Ketakutan yang diakui perempuan sekaligus menjadi penanda bahwa politik Indonesia semakin jauh dari landasan hakikinya. Jika tetap pada landasan hakikinya, perempuan justru akan berbondong-bondong masuk politik. Sejarah telah banyak membuktikan bahwa perempuan menjadi aktor-aktor aktif dalam berbagai gerakan kemanusiaan. Sebut saja Anis Hidayah yang memotori perlindungan terhadap buruh migran dan Wardah Hafidz yang mendampingi kasus-kasus penggusuran pada masyarakat miskin kota. Keduanya telah meraih penghargaan internasional atas kegigihannya. Dalam politik pun, perempuan berperan aktif. Pada Februari 1998, dimana negara dalam keadaan Siaga Satu, para aktivis dan akademisi perempuan bergabung dalam Suara Ibu Peduli (SIP) untuk mendesak  pemulihan ekonomi, sosial, dan politik yang genting saat itu. Gadis Arivia sebagai penggerak, dengan jelas menyebut demonstrasi SIP di bundarah HI tahun ‘98 adalah gerakan politik. It is about politics, tulisnya.

Secara natural, perempuan adalah pihak yang dekat dengan kehidupan, sebab mereka dikaruniai fungsi reproduksi mulai dari hamil sampai menyusui. Karunia itu mengembangkan naluri menghidupi dan menolak perampasan hidup. Seorang ibu tahu bagaimana ekspresi lapar dan haus dari seorang anak. Sementara politik Indonesia saat ini cocok disebut politik rimba. Siapa kuat itulah yang menang. Perempuan yang terbiasa memberi air susu pada anak dan dididik dalam kultur yang mengharuskannya ramah, tentu tidak sepakat pada politik rimba. Bagi mereka lebih baik bekerja seadanya daripada berurusan dengan dunia yang bertolak belakang dengan nalurinya. Penolakan perempuan pada politik semestinya menjadi cambuk bagi parpol, bahwa perilaku para politisi yang didominasi laki-laki saat ini keras dan kotor. Yang berani mendekat hanyalah orang-orang yang keras dan kotor pula.

Mahalnya Harga Politik
Faktor yang juga menjadi alasan enggannya perempuan terjun ke politik adalah mahalnya biaya untuk nyaleg. Untuk menjadi caleg DPR RI dan DPRD Provinsi membutuhkan uang miliaran rupiah. Untuk tingkat DPRD Kabupaten/Kota membutuhkan ratusan juta rupiah. Kenyataan itu tentu saja membuat caleg berpikir ulang. Perilaku masyarakat yang pragmatis akibat pembiasaan money politic sangat mempengaruhi harga politik saat ini. Adanya ‘mafia-mafia’ caleg juga menambah biaya politik. ‘Mafia-mafia’ itu sengaja hanya mengambil uang caleg sementara kerjanya untuk membantu kampanye tidak seberapa. Jika caleg tidak pandai-pandai merekrut tim kampanye, mereka bisa tercebur dalam permainan ‘mafia-mafia’ itu.

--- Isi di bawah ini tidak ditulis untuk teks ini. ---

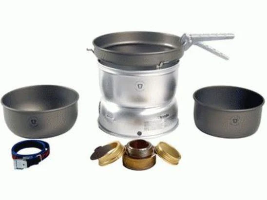 The25 Series are larger stoves that are best suited to groups of three or four people but of course is great for 2 campers or hikers. They are also excellent for families or base camp, with large pans and a wider frypan to accommodate big appetites. Series 25 includes somewhat larger stoves suitable for groups of about 3-4 people. They are excellent family stoves with capacious pans, a wider frypan and a larger kettle. With the supports in the raised position, the stove can be used with large billies from the rest of the Trangia range. The stove systems of the 25 series have two saucepans (1.75 and 1.5 liters), a 22cm frying pan, upper and lower windshields, a burner, a pot grip and a strap.

Pencalegan memang membutuhkan biaya, tetapi sebatas untuk biaya cetak alat kampanye, biaya transportasi, dan konsumsi ringan saat pertemuan dengan calon pemilih. Tidak ada dana berlebihan jika yang dikeluarkan hanya untuk kebutuhan-kebutuhan tersebut. Yang membuat dana bengkak adalah cash money yang dibagi-bagikan kepada calon pemilih. Fenomena itu biasa disebut serangan fajar. Masyarakat yang berpendidikan rendah banyak yang menerimanya. Saya pernah membuktikannya sendiri di suatu daerah. Masyarakat yang lulusan SMP banyak yang menerima uang suap dari tim sukses caleg. Semuanya mereka terima. Yang dipilih adalah caleg yang memberi uang paling banyak.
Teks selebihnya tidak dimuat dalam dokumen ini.